È una consapevolezza che riguarda la nostra comunità, i giovani anzitutto. E rilancia
l’impegno a salvaguardare il futuro da costruire nei valori di libertà, di giustizia, di
democrazia. I valori che la strategia neofascista del terrore pretendeva distruggere.
Quell’impegno, quella solidarietà che Bologna e l’Italia intera seppero offrire per
impedire che gli assassini e i loro complici riuscissero nell’intento di sovvertire i
principi costituzionali, colpire la convivenza e le conquiste sociali.
Il popolo italiano li ha sconfitti nella gravosa ricerca della verità.

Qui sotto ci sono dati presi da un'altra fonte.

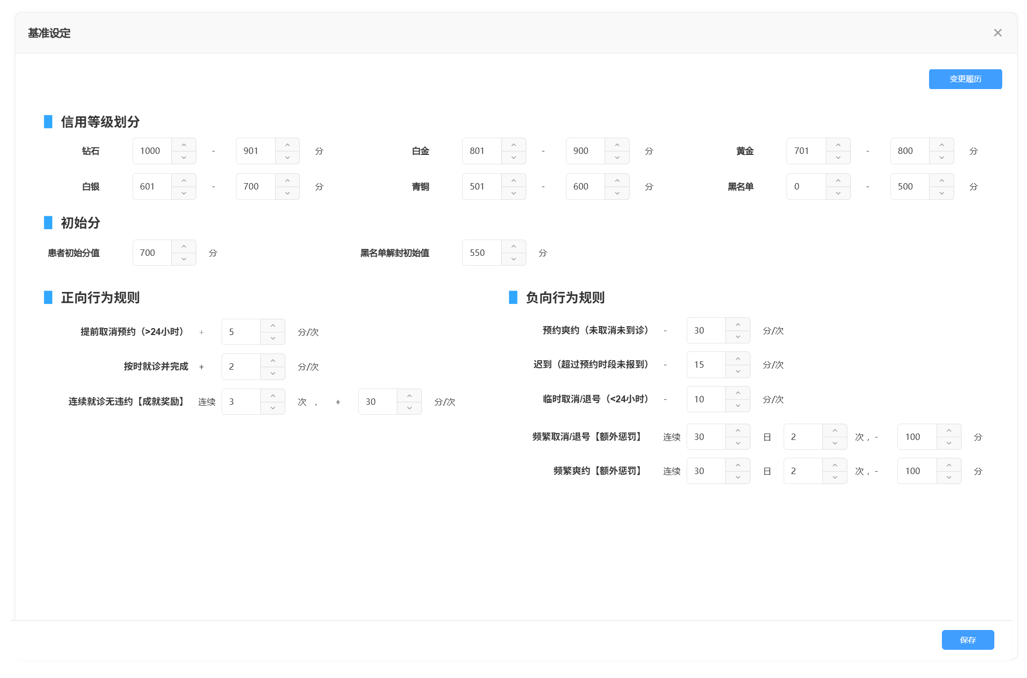 自动记录患者每一次就医行为对应的信用分变化,展示记录时间、行为事件、分数增减、信用分余额等信息,形成患者信用行为的全生命周期追溯,让管理者清晰掌握患者信用分数的变化原因。

La Repubblica è grata ai magistrati e agli uomini delle istituzioni che, con il loro
lavoro, si sono dimostrati più forti dei tentativi di depistaggio e ai familiari delle
vittime per il loro appassionato impegno per la verità.

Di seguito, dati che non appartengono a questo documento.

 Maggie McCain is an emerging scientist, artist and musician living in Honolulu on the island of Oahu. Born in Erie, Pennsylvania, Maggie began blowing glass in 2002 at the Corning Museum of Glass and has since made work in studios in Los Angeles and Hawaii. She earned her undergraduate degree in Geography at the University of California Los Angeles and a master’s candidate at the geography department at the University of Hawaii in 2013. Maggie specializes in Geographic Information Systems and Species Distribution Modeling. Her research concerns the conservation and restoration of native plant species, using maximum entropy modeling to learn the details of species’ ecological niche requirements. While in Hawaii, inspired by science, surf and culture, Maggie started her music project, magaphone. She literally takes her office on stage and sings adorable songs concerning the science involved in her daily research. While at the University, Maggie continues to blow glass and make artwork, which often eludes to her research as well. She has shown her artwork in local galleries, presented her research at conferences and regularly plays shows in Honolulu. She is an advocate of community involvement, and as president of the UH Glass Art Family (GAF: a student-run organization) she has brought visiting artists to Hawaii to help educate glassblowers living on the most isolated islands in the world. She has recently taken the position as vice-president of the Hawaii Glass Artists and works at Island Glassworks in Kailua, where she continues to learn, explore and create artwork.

Fare giustizia è vittoria della democrazia».
Roma, 2 agosto 2026
DICHIARAZIONE DEL PRESIDENTE DEL CONSIGLIO, GIORGIA MELONI
46 anni fa il terrorismo ha sferrato uno dei suoi attacchi più feroci. Ha colpito al cuore la Nazione intera, con un attentato che ha disintegrato la stazione di Bologna, uccidendo 85 persone e ferendone oltre duecento.

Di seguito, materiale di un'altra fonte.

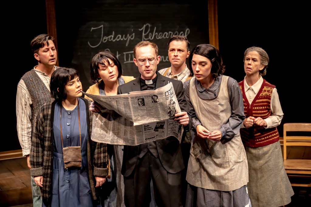 This is the second play in the last week where we are given a date in the 1930s to use as a guidepost for the exploration of extreme racism and intolerance. Fun, right? And although I found Arlekin Players Theatre’s Our Class at Classic Stage Company emotional and completely relevant, staged with creativity, and presented at a time when the world is facing an increase in antisemitism across the globe, there is something far more emotionally detailed and magnificent that lies inside the casual dialogue delivered by the characters in Canadian Stage‘s production of 1939. This beautifully written portrait of a fictional residential school that finds itself grappling with the outcomes of forced assimilation of the Indigenous population in Northern Ontario is as deeply emotional and darkly entertaining as a play can be, while also unpacking a heartbreaking undercurrent that sits heavy in my card-carrying Indigenous heart. And it’s also a comedy, of sorts; smart, sharp, and wildly engaging.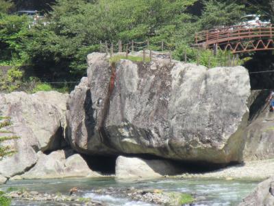 天狗岩の下の箒川をよく見ると、大きな岩があります。「野立岩」といって、人が100人立てると言われる大きな岩です。

Quello che è accaduto il 2 agosto del 1980 rappresenta una delle pagine più buie e drammatiche della storia nazionale. Oggi ci uniamo, ancora una volta, ai familiari delle vittime e a tutti i bolognesi in questa giornata di dolore e commemorazione.
Il Governo continuerà a fare la propria parte nel complesso cammino che è necessario portare avanti per fare piena luce sulle stragi che hanno insanguinato l’Italia nel Dopoguerra. In questo quadro, il percorso di versamento degli atti declassificati all’Archivio centrale dello Stato costituisce un passo determinante, che la Presidenza del Consiglio sta portando avanti in sinergia con le altre Amministrazioni dello Stato e in uno spirito di collaborazione con le associazioni dei famigliari delle vittime.
C o m u n i c a t o della Presidenza della Repubblica
Il Presidente della Repubblica Sergio Mattarella ha espresso il suo cordoglio per la
morte di Don Antonio Mazzi, sacerdote, educatore, comunicatore che ha speso
interamente la sua esistenza al servizio degli ultimi e dei fragili: emarginati, poveri,
disabili, tossicodipendenti. Ha reso una testimonianza di impegno sociale e civile,
vigoroso e spesso coraggioso, nella formazione dei giovani, nella creazione di
ambienti e di occasioni, spesso innovative, di solidarietà e di amicizia. Alla sua
comunità, ai suoi ragazzi esprimo la solidarietà e la vicinanza della Repubblica.